When no fallback providers are configured, a retryable primary error is surfaced as-is rather than replaced by the generic “all providers in chain failed” message.
The circuit state is reported as a ProviderCircuitEvent on the wcore-protocol event stream.
Failover classifier
Section titled “Failover classifier”wcore-providers/src/classify.rs implements classify_failover(err, http_status, body_text, sdk_code) -> FailoverReason.
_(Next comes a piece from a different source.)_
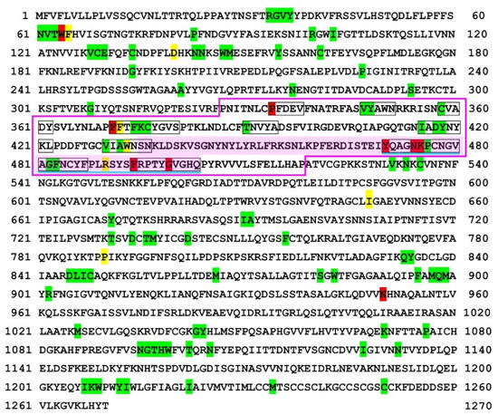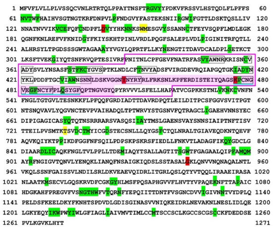 Self/nonself mapping of the SARS-CoV-2 spike protein of the Delta variant. The first amino acids of nonself SCSs are indicated by green (present in RefSeq) or red (new in this variant) shading. The first amino acids of new self SCSs in this variant (not present in RefSeq) are indicated by yellow shading. Other SCSs with no such indications are self SCSs. The receptor binding domain (RBD) [60] is boxed in pink lines. The receptor binding motif (RBM) [61,68] is shaded in pink. The nonself SCSs in the RBM are boxed in black lines. A potentially important nonself SCS region for vaccine development in the RBD is underlined in blue. For self/nonself mapping of RefSeq, see Otaki et al., (2021) [59].

Eleven reasons are recognized. Classification uses three signal tiers in precedence order (first match wins):
Tier 1: HTTP status code
| Status | Reason |
|---|---|
| 401 | Auth |
| 403 | AuthPermanent |
| 404 | ModelNotFound |
| 408 | Timeout |
| 413 | ContextOverflow |
| 429 | RateLimit |
| 402 | Billing |
| 503, 529 | Overloaded |
| 500, 502, 504 (other 5xx) | Timeout |
| 400 | Format |
Tier 2: body text patterns (case-insensitive substring match)
Patterns include "session expired", "insufficient_quota", "billing", "invalid api key", "rate limit", "overloaded", "context length exceeded", and others.
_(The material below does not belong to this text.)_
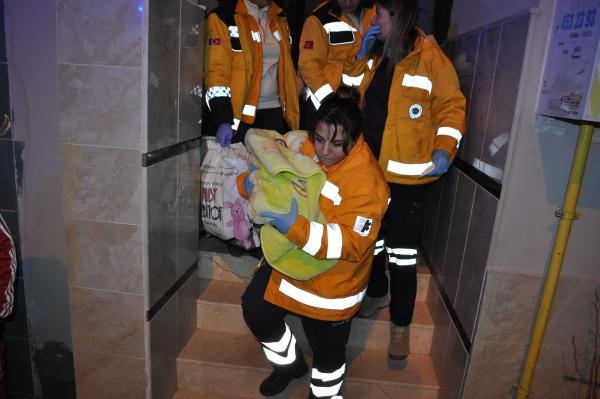 Dairelerden çıkanlar, soğuk havanın etkisiyle ağlamaya başlayan erkek bebeği hemen zemin kattaki eve aldı, ardından da polis ve sağlık ekiplerine haber verdi. Polis, bebeği bırakan kişilerin bulunması için çalışma başlattı. Bebeğin bırakıldığı yere ilk gelen sağlık ekipleri, talihsiz bebeği sağlık kontrolünden geçirdi. Durumu iyi olan bebeğin soğuktan etkilendiği belirlendi. Bunun üzerine içinde kuvöz bulunan yeni doğan bebek için ambulans istendi. Kısa süre sonra söz konusu adrese gelen ambulanstaki sağlık görevlileri, bebeği alıp kuvöze koydu. Terk edilen bebek ambulansla Behçet Uz Çocuk Hastalıkları Hastanesi'ne kaldırıldı.

Tier 3: SDK and vendor error codes
- OpenAI:
insufficient_quota,context_length_exceeded - Anthropic:
overloaded_error,authentication_error - AWS Bedrock:
ThrottlingException,ModelNotReadyException - Google Vertex:
RESOURCE_EXHAUSTED,DEADLINE_EXCEEDED,UNAVAILABLE - OS errno:
ETIMEDOUT,ECONNRESET
If no tier matches, the result is Unknown.
Cooldown state machine
Section titled “Cooldown state machine”wcore-providers/src/cooldown.rs implements CooldownTracker per provider.
Each FailoverReason maps to one of three classes:
| Class | Reasons | Behavior |
|---|---|---|
Transient | RateLimit, Overloaded, Timeout, Auth, Unknown | Short cooldown, 5 s base, exponential backoff (2^failure_count multiplier), capped at 5 minutes. Transitions Cooling -> HalfOpen on expiry. |
Permanent | AuthPermanent, Billing, SessionExpired | Long cooldown, 15 minutes flat, no HalfOpen probe. Requires operator intervention. |
Semantic | ContextOverflow, Format, ModelNotFound | No cooldown. The caller must change inputs; retrying the same provider is pointless. |
State transitions:
Ready → (failure) → Cooling { until, reason } → (expiry) → HalfOpen { reason } → (success during probe) → Ready → (failure during probe) → Cooling (failure_count incremented)is_available() returns true when the tracker is in Ready or HalfOpen state.
Putting it together
Section titled “Putting it together”A single request flows through the stack in this order:
KeyPool.next_key()selects the current key for the provider.with_retryattempts the call up to 3 times on transient HTTP errors, honoringRetry-Afteron 429.- On retryable failure,
ResilientProvidercounts the failure against the circuit breaker threshold. If the circuit opens, the primary is skipped. ProviderChainmoves to the next slot when the current slot returns a retryable error.classify_failoverclassifies each failure reason soCooldownTrackerapplies the right duration.
All circuit state changes are emitted as ProviderCircuitEvent events on the JSON-stream protocol.